民办的农民工子弟学校,虽然资金不足,设施陈旧,老师通常没有资质,也很少使用标准化教纲,但至少让孩子有学可上。但由于土地所有权问题、办学品质问题,以及城市管理政策的朝令夕改,这种学校常被拆除、关闭或取缔。2014年之后,北京的拆迁愈发呈现出一种“斩草除根”式的决绝。

秦继杰(智泉学校创办人,校长):这个大拆迁面积太大了,速度来得非常快,虽然我有估计,但我没估计会这么快。他们放假的时候,我跟他们估计,能再办一个学期。那时候没人跟我说,你不要再招生了。

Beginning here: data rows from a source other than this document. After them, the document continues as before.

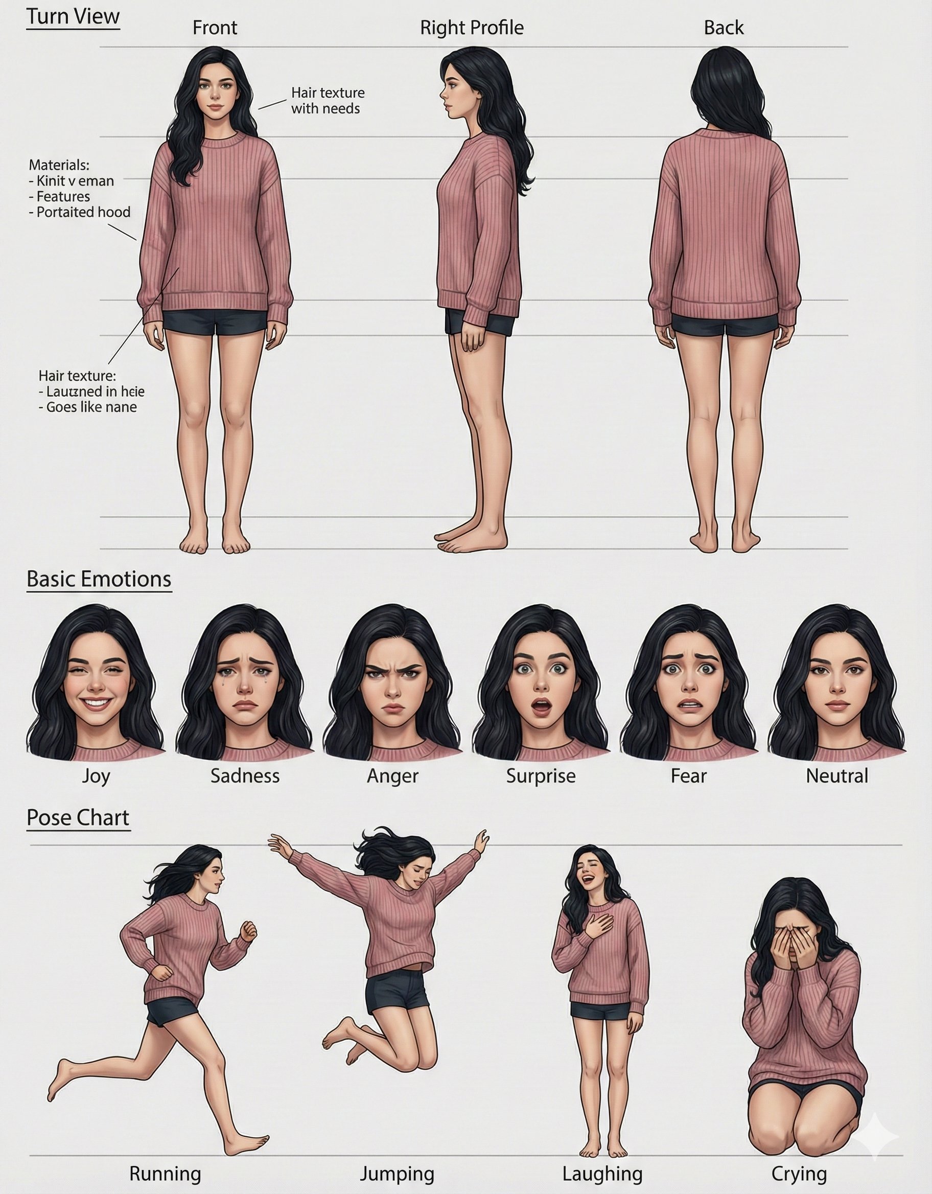 用新版Photoshop创建角色设计表 - 新建7680 x 4320 px - 放置照片 - 模型用Nano Banana Pro - 执行角色设计表提示词。提示词:请为这张照片中的人物创建详细的角色设计表。因为要用于真人电影,请注意不要变成动漫风格。请务必包含以下3种角色设定。创建完成后请删除原人物图像。- 从多角度描绘角色的转身图(三面图)- 包含喜、悲、怒、惊、恐、中性等基本情感状态的表情表 - 展示跑、跳、笑、哭等典型动作的姿势表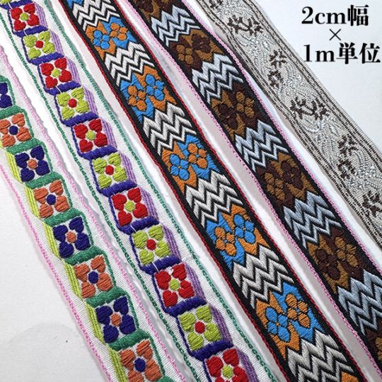 2cm幅 細幅手芸用テープ フラワーリボン 北欧風レトロ柄チロルテープ チロリアンテープ 花柄刺繍テープリボン 営業日即日発送【ハロウィン飾りデコレーション】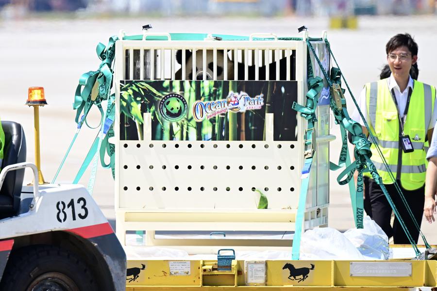 HONG KONG, Sept. 27 (Xinhua) -- A pair of giant pandas gifted by the central government to the Hong Kong Special Administrative Region (HKSAR) of China arrived here Thursday, sparking celebrations among panda lovers.

据统计,2006年北京共有300所打工子弟学校,在校学生约10万人,到2018年3月,仅存111所,学生5万多人。疫情之后,只剩七八十所了。

生活在城市屋檐下的流动儿童,小小年纪就要学会理解和适应这种“流动”。但即便这样的日子,也过不安稳,随时可能被送回老家,变成留守儿童。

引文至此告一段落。